In the material below, find the line containing "ピンキー&ダイアン ピンダイ PINKY&DIANNE" and the line containing "Über rechteckigem Sockel". Output those two lines and all lines between them exactly, without pictures.

● **MATERIAL FOR THIS EXERCISE**:

****************

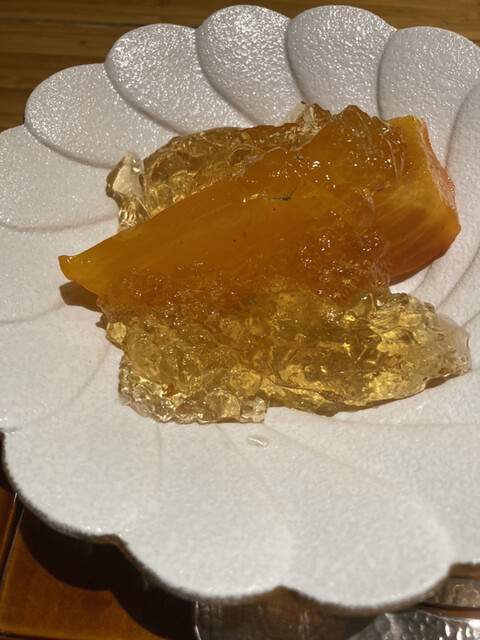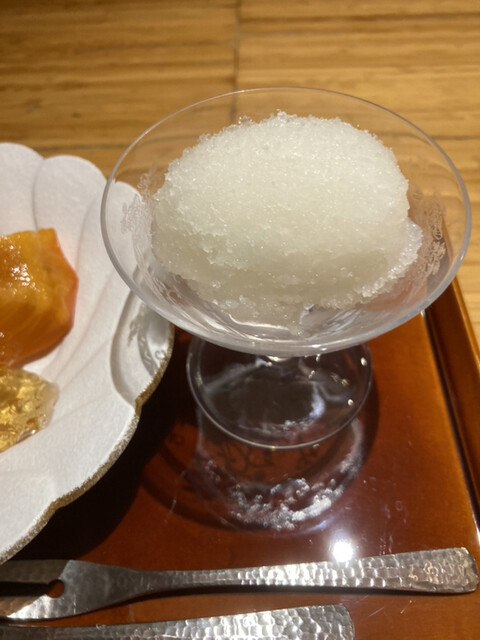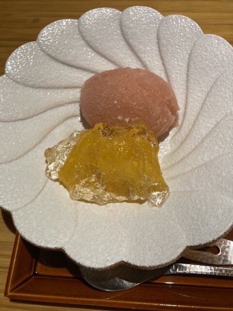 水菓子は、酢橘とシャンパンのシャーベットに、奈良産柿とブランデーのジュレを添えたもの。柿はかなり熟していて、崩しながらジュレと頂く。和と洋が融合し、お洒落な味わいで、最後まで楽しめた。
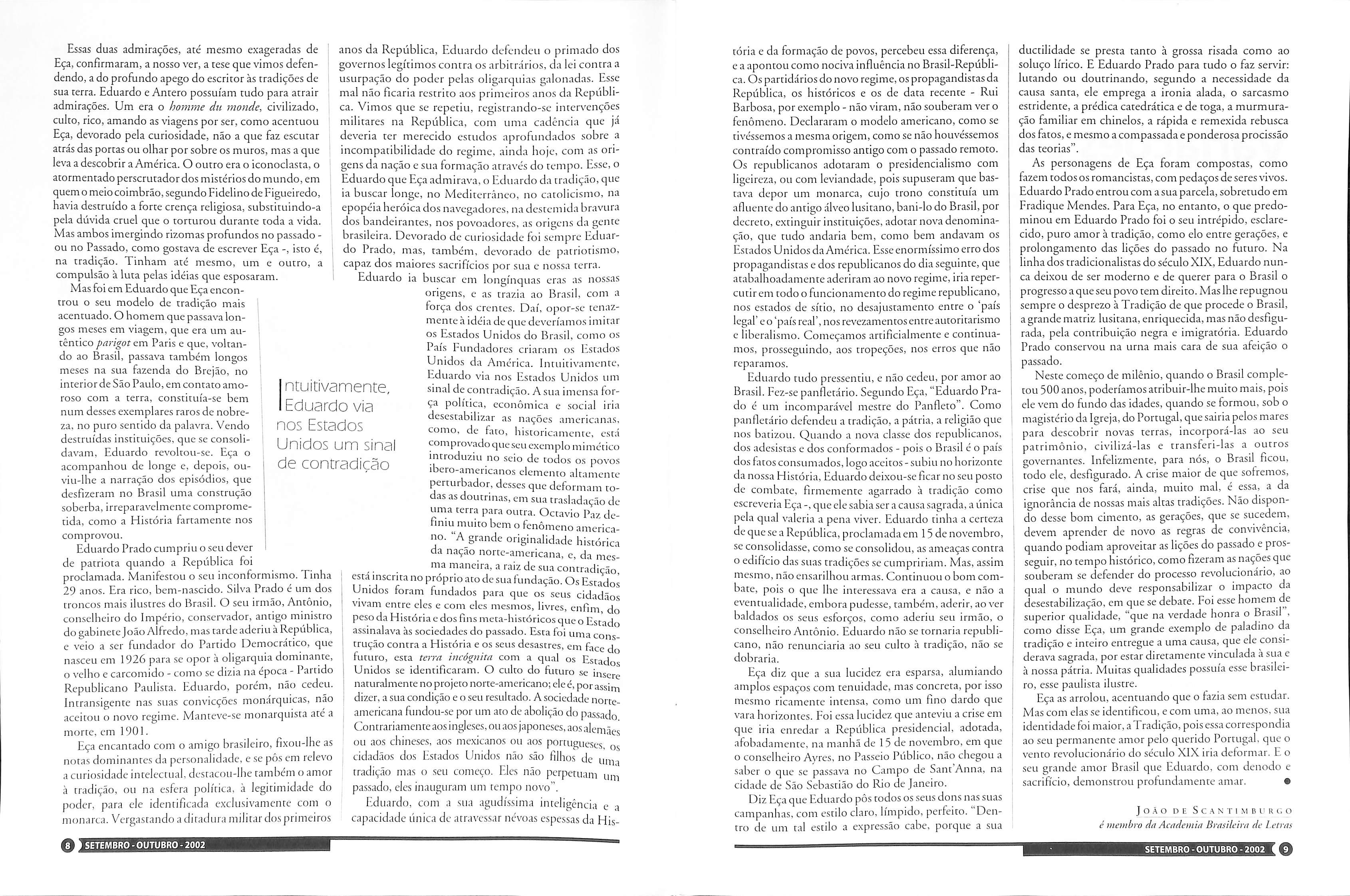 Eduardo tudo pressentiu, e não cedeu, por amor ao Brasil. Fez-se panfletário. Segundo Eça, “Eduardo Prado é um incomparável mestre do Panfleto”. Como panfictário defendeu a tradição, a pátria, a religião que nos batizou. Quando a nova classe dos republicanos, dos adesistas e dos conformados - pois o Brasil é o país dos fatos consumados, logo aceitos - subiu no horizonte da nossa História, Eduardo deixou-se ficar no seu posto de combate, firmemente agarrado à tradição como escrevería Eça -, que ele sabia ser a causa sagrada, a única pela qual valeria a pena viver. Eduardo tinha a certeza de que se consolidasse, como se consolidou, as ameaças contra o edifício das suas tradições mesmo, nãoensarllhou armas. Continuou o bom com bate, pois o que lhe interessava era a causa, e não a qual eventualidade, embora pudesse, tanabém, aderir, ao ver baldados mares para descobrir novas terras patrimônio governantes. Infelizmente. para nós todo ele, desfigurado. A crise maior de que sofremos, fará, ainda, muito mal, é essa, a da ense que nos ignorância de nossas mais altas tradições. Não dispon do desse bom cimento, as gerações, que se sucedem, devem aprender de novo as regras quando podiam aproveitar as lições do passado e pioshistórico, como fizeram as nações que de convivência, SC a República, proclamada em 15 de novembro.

****************

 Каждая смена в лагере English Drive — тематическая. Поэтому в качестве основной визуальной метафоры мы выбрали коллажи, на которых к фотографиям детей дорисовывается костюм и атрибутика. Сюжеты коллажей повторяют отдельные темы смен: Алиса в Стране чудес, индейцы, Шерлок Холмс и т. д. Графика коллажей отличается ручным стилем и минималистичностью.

****************

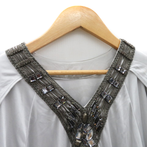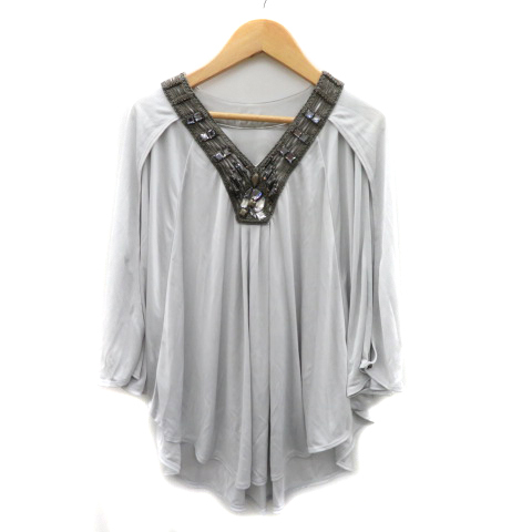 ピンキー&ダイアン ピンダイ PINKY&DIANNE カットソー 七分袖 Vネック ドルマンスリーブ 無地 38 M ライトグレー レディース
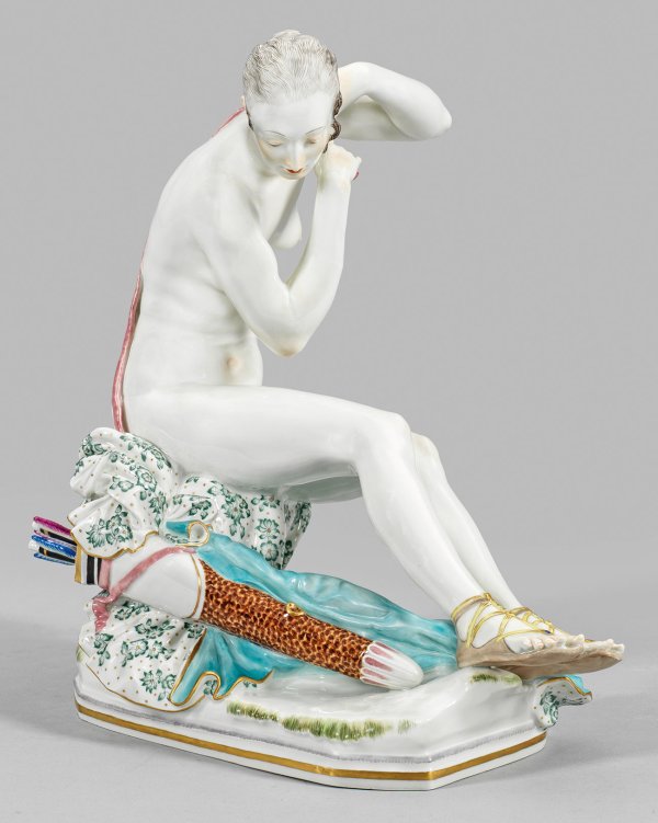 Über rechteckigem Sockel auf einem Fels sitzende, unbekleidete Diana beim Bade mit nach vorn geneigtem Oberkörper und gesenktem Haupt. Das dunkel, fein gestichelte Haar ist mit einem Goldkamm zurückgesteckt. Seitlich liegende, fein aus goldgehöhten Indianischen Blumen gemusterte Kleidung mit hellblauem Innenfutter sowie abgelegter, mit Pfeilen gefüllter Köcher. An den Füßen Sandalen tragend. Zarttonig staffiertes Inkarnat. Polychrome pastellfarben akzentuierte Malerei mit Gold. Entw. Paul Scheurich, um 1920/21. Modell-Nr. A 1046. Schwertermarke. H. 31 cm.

****************

● **RESULT FOR THIS TASK**:
 ピンキー&ダイアン ピンダイ PINKY&DIANNE カットソー 七分袖 Vネック ドルマンスリーブ 無地 38 M ライトグレー レディース
 Über rechteckigem Sockel auf einem Fels sitzende, unbekleidete Diana beim Bade mit nach vorn geneigtem Oberkörper und gesenktem Haupt. Das dunkel, fein gestichelte Haar ist mit einem Goldkamm zurückgesteckt. Seitlich liegende, fein aus goldgehöhten Indianischen Blumen gemusterte Kleidung mit hellblauem Innenfutter sowie abgelegter, mit Pfeilen gefüllter Köcher. An den Füßen Sandalen tragend. Zarttonig staffiertes Inkarnat. Polychrome pastellfarben akzentuierte Malerei mit Gold. Entw. Paul Scheurich, um 1920/21. Modell-Nr. A 1046. Schwertermarke. H. 31 cm.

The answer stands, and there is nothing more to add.